Done manually, this requires researchers to painstakingly inspect and annotate multiple datasets. But when AI is applied, everything changes. Researchers need only manually annotate a single dataset with the correct segments and then present it to a deep learning model for training. The model, now clued up on the taxonomy, can then automatically differentiate between segments in subsequent samples. This performs in seconds what could take researchers hours to finish. Multiply that across a stack of images and you have a huge scaling up of any lab’s productivity.


Creating outputs


The final stage of the microscopy pipeline is to turn the findings from analysis into useful outputs. Scientific reports require a great deal of very precise information. Creating these documents by hand can be almost as arduous as setting up their inputs in the first place. This is yet another step where automation comes in handy.
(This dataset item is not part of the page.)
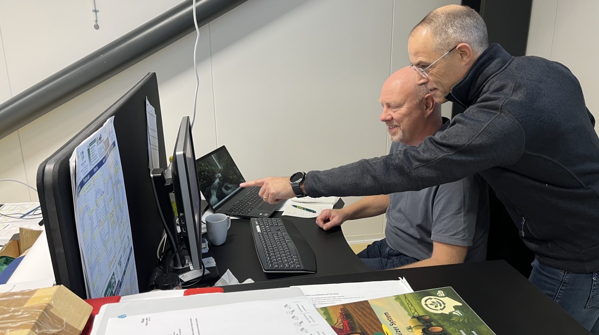 Der er i alt otte ansatte hos Flex Fertilizer System. Her giver produktchef Allan Holm Nielsen sit besyv med om en gødningsplan udarbejdet af den landbrugsfaglige rådgiver Jan Fischer.Vi har sat den 53-årige stifter af tænketanken Growz stævne på hans arbejdsplads, Flex Fertilizer System ApS.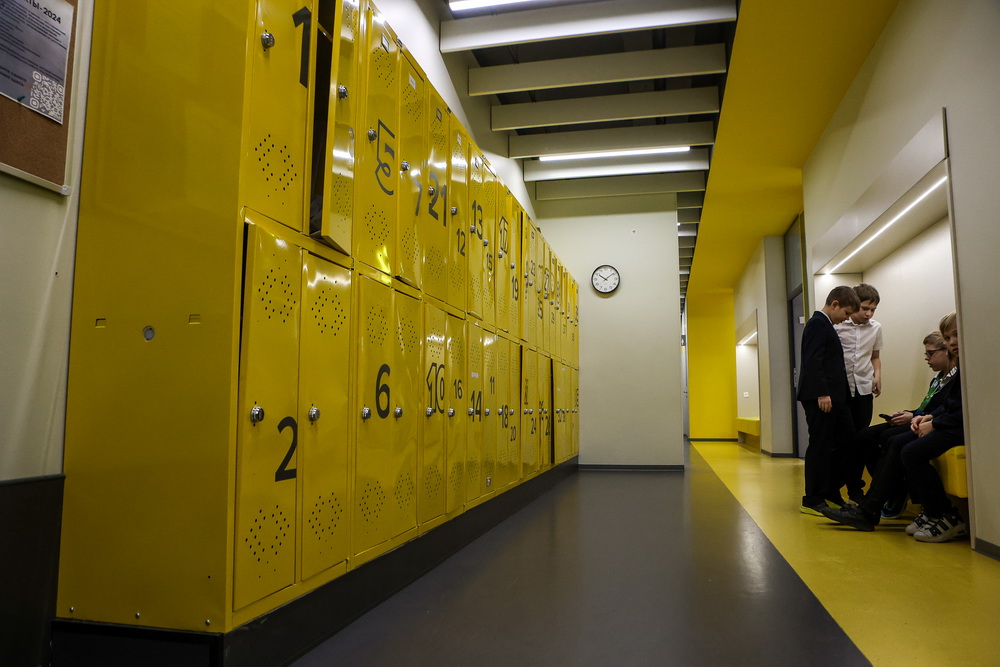 В классах у ребят есть свои личные шкафчики, где можно оставить вещи, тетради и учебники, которые не надо нести домой.

A report is normally accompanied by a log of all activities performed during the microscopy process, plus information about any errors. As you’d expect, this can contain a lot of technical details. But software used at the image acquisition and analysis stages will record all these factors as they occur and auto-generate a comprehensive metadata log.
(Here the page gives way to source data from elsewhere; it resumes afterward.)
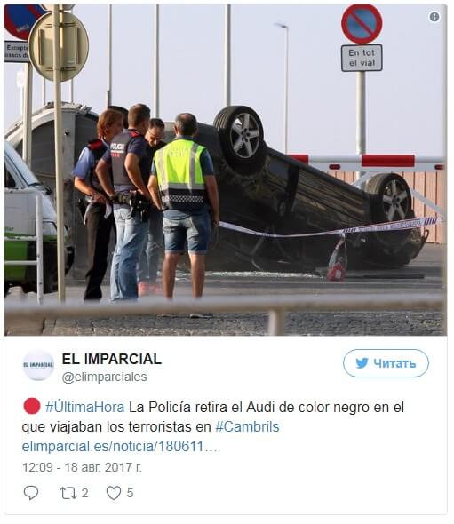 Пятеро из террористов были убиты в Камбрилсе. Правоохранительные органы связали теракт в Барселоне с наездом на пешеходов в Камбрильсе в ночь на 18 августа и взрывом в испанском городе Альканаре в ночь на 17 августа.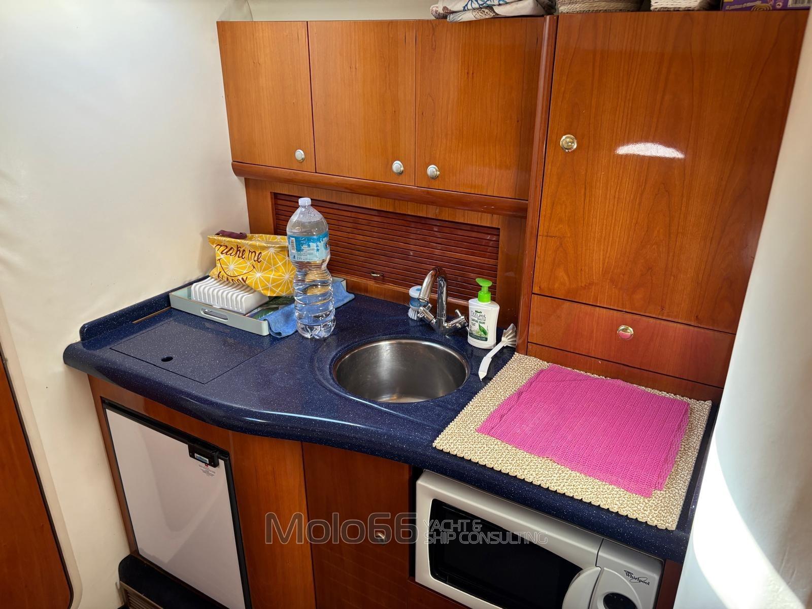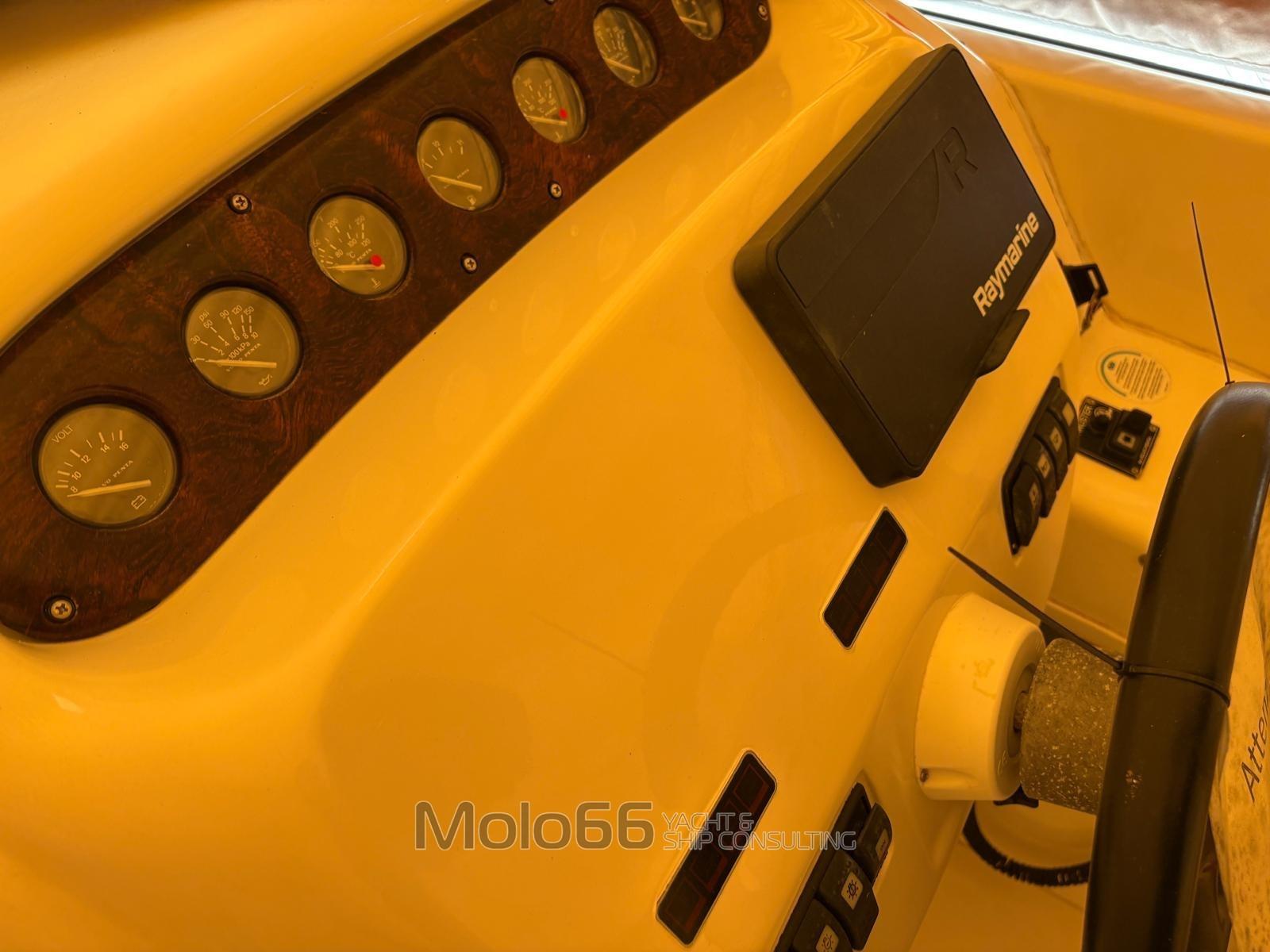 Engine Alarm, Bilge Alarm, Water pressure pump, Deck Shower, Hydraulic Flaps, Fire Extinguishing System, Washbasin in the cockpit, Gangway, Platform, Automatic Bilge Pump, Shorepower connector, Rollbar, Electric Windlass, swimming ladder, Horn.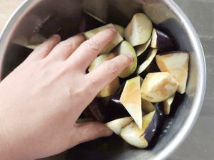 ![]() ③すぐに手でもみ返し、ナス全体に油が回るようにします。 |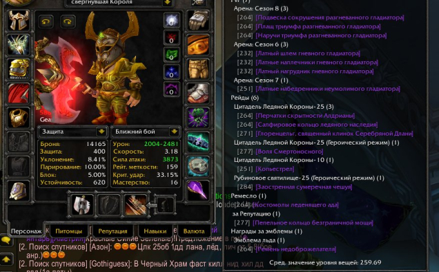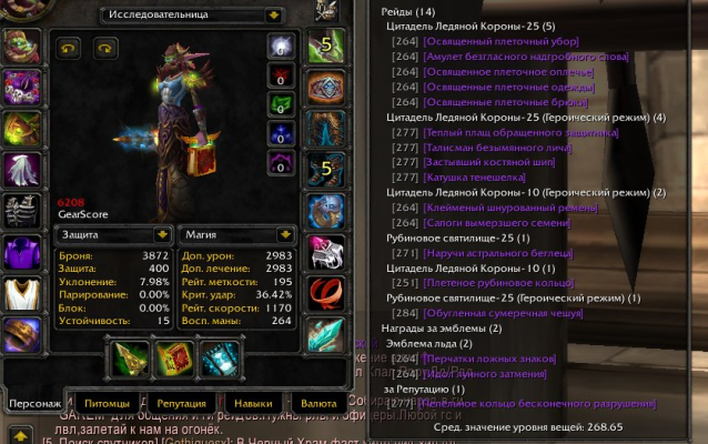 Подробное описание: х1 хант тролль 5022 гс, кожа 430, снятие 450 + х100 дру ноч эльф 6466 гс пве ферал, 6.2 сова бис трини, 5к ачив, вар гном 5.8 бис трини, рог 6170 бис трини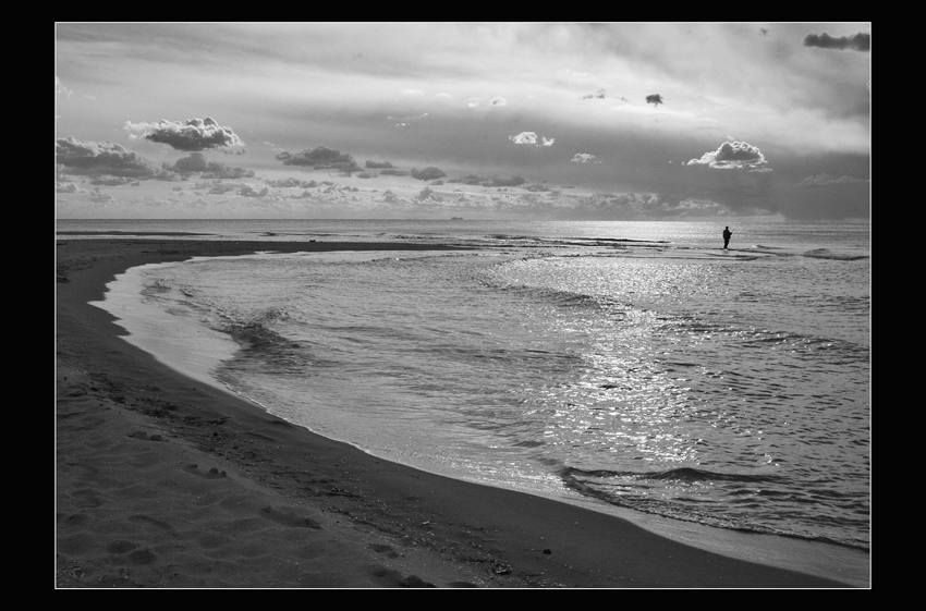 la gamma di sfumature è ricca; il b/n risulta quindi, anche se l'inquadratura comprende pochi elementi, di ottimo impatto;la sabbia in pp è serica, invitante; le nubi sono fascinose, e dinamizzano la bella composizione

With high-quality images also automatically stored on disk, ready for insertion throughout the report, many ingredients of a professional research output no longer require human labour.


Prioritise for success


AI could represent a step change in microscopy’s capabilities. But not every stage in every experiment will need to be automated from end to end. Sometimes, human input and oversight are very much necessary. Digital microscopes’ endless customisability gives researchers the freedom to find the optimal structure for every project.


It’s only a matter of time before an automated microscopy workflow helps a team stumble on life sciences’ next big discovery.